Выбрать главу

Коптилку без стекла, этот обломок света, мать забирала к себе, на печь, которая никогда не дала нам облегчения, никогда не послужила для выпечки хлеба. Она стояла холодная, как и все вокруг, но на ней имелось место для двоих, так спали зимой местные жители, может быть, это было место для согрева, а также для ночной любви, не знаю. У нас на печи лежали мать и младшая сестра, не сходя с нее долгие месяцы. Только я и брат совершали стометровые вылазки за барак, чтобы красть сено из стога или нарезать снег, перетапливая его в воду. А мать при коптящем язычке пламени, на последнем керосине, читала вслух молитвы из черной бабушкиной книжечки, издавая монотонный вопль, мать вспомнила о боге только на чужбине, когда от нее уже немного осталось, когда уже ничего не осталось от нее прежней, той, которая, чувствуя себя в безопасности под защитой своих привилегий, существовавших в нормальной жизни, презрительно обходила костел, бунтуя против всякого смирения. Иногда рефрен литании повторяла со своих ящиков бабушка, но она была уже слишком слаба и, видимо, предпочитала беседовать с богом молча, так как я не всегда слышала за спиной ее голос. Мать же назойливо, целыми часами домогалась чуда: иного времени года, тепла, света, а также нашего возвращения в места такие далекие, может, уже даже выдуманные нами. Но поскольку даже всемогущая сила оказывалась бессильной перед вашей судьбой, то мы так и жили в стенах из замерзшей травы, глядя в ничто, уповая на вымаливаемую надежду.

Там научили меня ждать, там возненавидела я ожидание.

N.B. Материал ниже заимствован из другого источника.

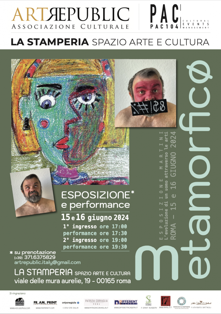 Giancarlo Martini, artista poliedrico noto attore , si appresta ad esporre le sue opere in una mostra intitolata "Metamorficø". L'evento, organizzato da PAC104 Cultural Events Management in collaborazione con la curatrice Paola Proietti, si svolgerà presso La Stamperia Spazio Arte e Cultura nei giorni 15 e 16 Giugno.

Хотя знаю, что где-то кончается та грань в нас или вне нас, потому что и в тех краях в апреле-мае спадала скорлупа снега, таяла, впитываемая землей, и возникали из нее, словно при сотворении мира, люди и звери, землянки и степь до самого горизонта, а потом, в один день, она зеленела и цвела необъятным морем тюльпанов, диких, выносливых и буйных по яркости красок, никогда я таких цветов не видела ни до этого, ни после, хотя не раз склоняла голову над красотой других, чья жизнь была куда легче. Видимо, красоту жизни, орнамент в ее воплощении не всегда надо оберегать оранжереей, так думаю я теперь о любой красоте, а не только о блистательной, для поклонения.

Бураны переходили в сухие ветры, галопом проносящиеся от горизонта к горизонту, по дороге они сметали зиму, не причиняя вреда убежищам живых существ, они превращали наши стены в сочащиеся влагой стенки колодца, тогда кто мог выбирался на поверхность вновь открытой, высыхающей после потопа суши. Люди взбирались на крыши, борясь с ветром, сбрасывали снег и смотрели в небо, удивляясь, что оно еще существует, что перезимовало, сохранив первозданную лазурь, вынесло насилие, свершенное против природы, и этот ежегодный ужас, из которого они вновь вышли целыми.

Потом пахнущие грязью и снегом, благосклонные к нам вихри преображались в раскаленный суховей, он окружал нас пламенем жаркого солнца, ранил землю и человеческую кожу — и вот уже лето, краткое, но жестокое, и мы боролись с ним, чтобы вымолить из потрескавшейся земли пару горстей пшеницы на долгие, темные месяцы. Свирепая была эта степь, с первобытных дней своих хотела остаться целиной.

Сейчас я читаю в газетах краткие заметки о переменах в тамошнем пейзаже, кто-то приводит число пахотных гектаров после мер, принятых в борьбе с бесплодием, а ведь этот кто-то не знает, что за этим стоит, так как не изведал ничего из того, что там было. Он пышет беззаботностью и оптимизмом, ага, вот еще любопытная деталь для газеты, а я завидую ему, его незнанию, тому, что жизнь его обделила подобной географической широтой. Ну что ж, перевалила эпоха и сумела-таки поднять и эту залежь, время, с которым мы идем вперед, способно на все, мы все с большей готовностью в это верим. Даже память наша подверглась шлифовке, сместились контуры значений, и бывает, что в естественно сориентированной памяти остается только несколько знаков, к которым сводится прошлое в селективном становлении биографии. Одним из кодовых знаков для меня служит название тех мест, а точнее, название области, где я жила, иногда я встречаю ее на столбцах газет — и сегодня все еще реагирую на нее в силу какого-то психического фактора как на особое место, на место, содержащее в себе кусочек моей жизни, где я родилась еще раз. Не могу остаться равнодушной, видя это название, просто невероятно, что теперь, после всего, что было, и через столько лет, я хочу вычитать ненаписанное: как живется людям, с которыми я делила все эти времена года, изменилась ли их судьба? Я хочу знать это не из любопытства, а из нужды в общении, ведь я же их, там, не виню в своих бедах.